Golfers will practice their golf game at a driving range. At a driving range, they hit practice balls by the bucket.
Annie works at a local driving range. Over a period of two weeks, she records the number of buckets of balls that she hands out each day. The table below displays her data.
| Day | Week 1 | Week 2 |
|---|---|---|
| Monday | \(11\) | \(14\) |
| Tuesday | \(25\) | \(32\) |
| Wednesday | \(27\) | \(34\) |
| Thursday | \(34\) | \(37\) |
| Friday | \(44\) | \(50\) |
| Saturday | \(57\) | \(70\) |
| Sunday | \(52\) | \(63\) |
A stacked bar graph is given for Week \(1\), showing the percentage of each day’s buckets relative to the total (\(250\) buckets) for that week. For example, on Monday Annie gives out \(11\) buckets, which is \(\frac{11}{250} = 4.4\%\) of the total; on Tuesday she gives out \(25\) buckets, which is \(\frac{25}{250}=10.0\%\) of the total.
Verify that the remaining blocks of the graph accurately portray the given data for Week \(1\) by calculating the remaining daily percentages.
Calculate the daily percentages for Week \(2\), and create a similar stacked bar graph for Week \(2\). Round percentages to one decimal place.
By examining the bar graphs, what conclusions could you draw about the number of buckets given out each day?
The remaining days’ percentages are:
Wednesday: \(\frac{27}{250} =
10.8\%\)
Thursday: \(\frac{34}{250}\ =
13.6\%\)
Friday: \(\frac{44}{250}
=17.6\%\)
Saturday: \(\frac{57}{250}
= 22.8\%\)
Sunday: \(\frac{52}{250} = 20.8\%\)
Note: We can find each percentage by rewriting the fraction as an equivalent fraction with a denominator of \(100\). We will look at the data for Wednesday and show two ways to do this.
We will get the denominator to be \(1000\) by multiplying numerator and denominator by \(4\). Then, we divide each by \(10\) to get a fraction with a denominator of \(100\). \[\frac{27}{250} = \frac{108}{1000} = \frac{10.8}{100} = 10.8\%\]

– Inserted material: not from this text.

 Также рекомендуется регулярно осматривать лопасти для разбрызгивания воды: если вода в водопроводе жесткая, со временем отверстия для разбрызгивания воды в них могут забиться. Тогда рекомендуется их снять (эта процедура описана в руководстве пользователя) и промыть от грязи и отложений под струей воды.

Since \(250 \div 100 = 2.5\), we can divide both numerator and denominator by \(2.5\) to get \(\frac{10.8}{100} = 10.8\%\).

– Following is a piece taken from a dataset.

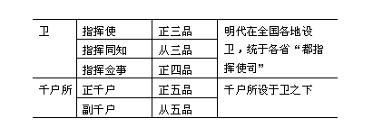 都指挥使司为明代地区军事总机构,长官有都指挥使1人(正二品)、都指挥同知2人(从二品)、都指挥佥事4人(正三品),其属有经历司经历(正六品)、都事(正七品)。断事司断事(正六品)、副断事(正七品)、吏目各1人。司狱司司狱(从九品),仓库、草场、大使、副使各一人。行都指挥使司,设官与都指挥使司同。长官之中有一人统司事,称掌印,简称都司,位次在布、按两司之上。《明史·职官志五》说:“都司掌一方之军政,各率其卫所以隶于五府,而听于兵部。” 卫指挥使司设官与京卫同。外卫皆统于都司及行都司。卫以下为千户所,千户所又辖百户所。千户所有正千户1人(正五品),副千户2人(从五品),镇抚2人(从六品)。其属吏目1人。千户所辖百户所10个,共有百户10人(正六品),总旗20人,小旗100人。刑狱则归镇抚掌管。凡卫所皆隶于都司,而都司又分隶于五军都督府。自卫所以下,其官兵多世袭,这是明代特殊制度之一。 都督府的都督名称后来变为空头的官阶,而统兵之官则须别加总兵、副总兵、参将、游击将军、守备、把总等名目。《明史·职官志五》:“总镇一方者为镇守,独镇一路者为分守,各守一城一堡者为守备,与主将同守一城者为协守。又有提督、提调、巡视、备御、领班、备倭等名。凡总兵、副总兵一职均须有公、侯、伯、都督爵衔者充任。其总兵挂印称将军者,云南曰征南将军,大同曰征西将军,湖广曰平蛮将军,两广曰征蛮将军……其在蓟镇、贵州、湖广、四川及儹运淮安者,不得称将军挂印。宣德间,又设山西、陕西二总兵。嘉靖间,分设广东、广西、贵州、湖广二总兵为四,改设福建、保定副总兵为总兵,又添设浙江总兵。万历间,又在临洮、山海增设总兵。至明代末年,总兵官增置繁多,不可胜记。总兵在明代本为无品级之差委,至清代则为正二品的正规武职。 此外,还有军民府、土州、土县,其官员设置,与府、州、县制相同。 附:明代地方官制简表

The heights of the remaining blocks of the graph do portray the given data for Week \(1\).
During Week \(2\), Annie handed out a total of \(300\) buckets. The daily percentages and completed bar graph are below.
Monday: \(\frac{14}{300}\approx
4.7\%\)
Tuesday: \(\frac{32}{300}\approx
10.7\%\)
Wednesday: \(\frac{34}{300}\approx
11.3\%\)
Thursday: \(\frac{37}{300}\approx
12.3\%\)
Friday: \(\frac{50}{300}\approx
16.7\%\)
Saturday: \(\frac{70}{300}\approx
23.3\%\)
Sunday: \(\frac{63}{300}=21.0\%\)
The tallest rectangular boxes are for Saturday and Sunday. Therefore, we can say that the most buckets are given out on either Saturday or Sunday. The data in the table shows that it is in fact on Saturday when the most buckets are given out.
The shortest rectangular box is for Monday. Therefore, we can say that the fewest number of buckets are given out on Monday. This is verified by the table.